Национальную идею России стоит искать не в сфере левого или правого, либерального или антилиберального, консервативного или православного, а в проблеме демографии — рождения и воспитания детей. Если бы через 20–25 лет мы родили и воспитали 25–35 млн молодых образованных людей, владеющих языками и науками, это был бы очень серьезный задел. На это надо бросить 10 сочинских олимпиад.
Страна, где треть бюджета уходит на пенсионный фонд, обречена на развал и распад. Через 30 лет уже будет 10 % молодых людей, 90 % пенсионеров и неработающих. Каждый несчастный молодой человек будет вынужден работать на пятерых — это нужно объяснить, но никто не объясняет. У нас все свободны, никто не обязан плодиться и размножаться, мы платим налоги — все, до свидания. Но налоги не могут охранять границы, работать на заводе, пончики печь. Для этого нужны люди, и желательно образованные.

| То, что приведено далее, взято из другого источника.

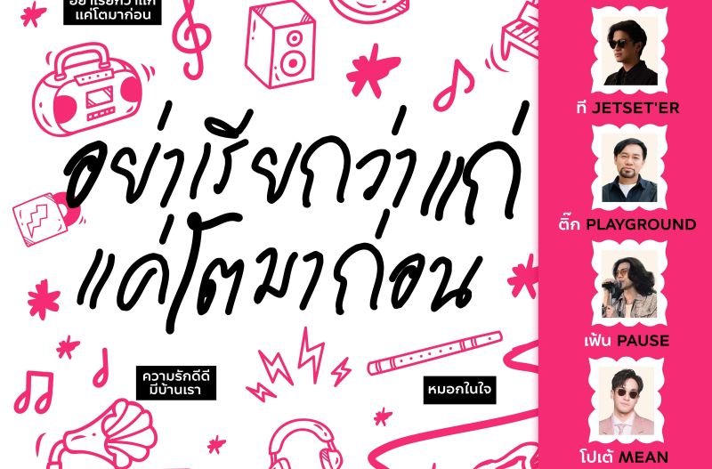 พบกับมินิคอนเสิร์ตสุดพิเศษ “อย่าเรียกว่าแก่ แค่โตมาก่อน” กับ 4 ศิลปินเสียงละมุนขวัญใจทุกยุค นำโดย “ที JETSET’ER” เจ้าของน้ำเสียงนุ่มละมุนและเสน่ห์เฉพาะตัว “ติ๊ก PLAYGROUND” เจ้าของเสียงร้องเปี่ยมอารมณ์กับเพลงที่คุ้นหู อย่างเพลง “มุม” “เฟ้น PAUSE“ หนึ่งในเสียงหลักของวง PAUSE ยุคใหม่ที่ยังคงกลิ่นอายความละมุนละไมแบบต้นฉบับ และ “โปเต้ MEAN” นักร้องเสียงเอกลักษณ์ ที่มาพร้อมสไตล์ดนตรีโมเดิร์นป๊อปที่โดดเด่นไม่ซ้ำใคร ที่จะมาเปิดตัว 4 เพลงใหม่ ในงานนี้ที่แรก รับรองว่าฟังแล้วยิ้ม อารมณ์ดี และอิ่มเอมใจ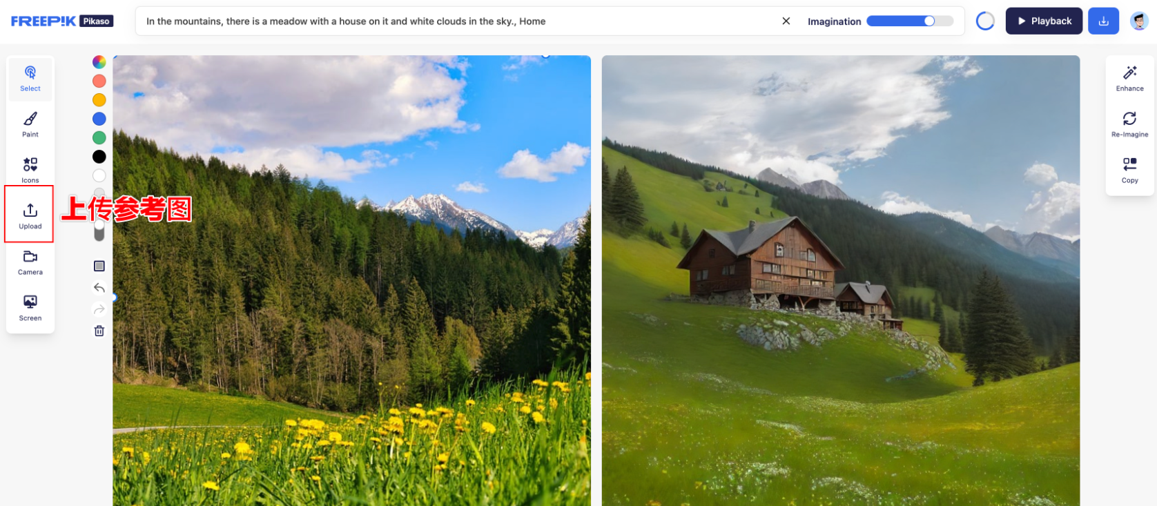 Pikaso可以上传参考图,然后根据提示词生成你想要的效果图,效果真心不错。并且还支持进行图片编辑操作:「自动去除背景」、「平铺画布」、「复制」、「图层调整」等操作。

Мир, и Россия одна из первых, стоит на пороге череды новых финансовых кризисов, они совершенно неизбежны. То, что будет плохо, что будет швах, — это совершенно очевидно, тем более в России, которая убила все свое производство и живет за счет сырья. Люди до очень серьезной степени раздражены, причем и бедные, и богатые, и какие угодно. Все чувствуют: что-то не так.
«Все можно успеть» (о жизни и времени)
— Надо понимать, что, как бы сказать непафосно, что Бог есть, что ты пожинаешь плоды всего, что в жизни совершаешь. Все, чего ты желаешь, рано или поздно к тебе придет, не торопись никуда. Не трать время на лишние суетливые телодвижения, не сиди по 46 часов в «фэйсбуке». Когда меня спрашивают — вы столько книг написали, у вас группа музыкальная, в кино снимаетесь, колонки, эфиры, ездите, я сам думаю: когда я все это успеваю? Просто каждый день что-то делаю. Сюда летел — написал две колоночки. Сейчас мы поедем с друзьями пива попьем (так и вышло. — Ред.), завтра спектакль покажем, полечу обратно — роман буду дописывать… Все можно успеть, если все время чем-то заниматься.
Авченко Василий, "Новая газета во Владивостоке" - №221 от 23 января 2013 г.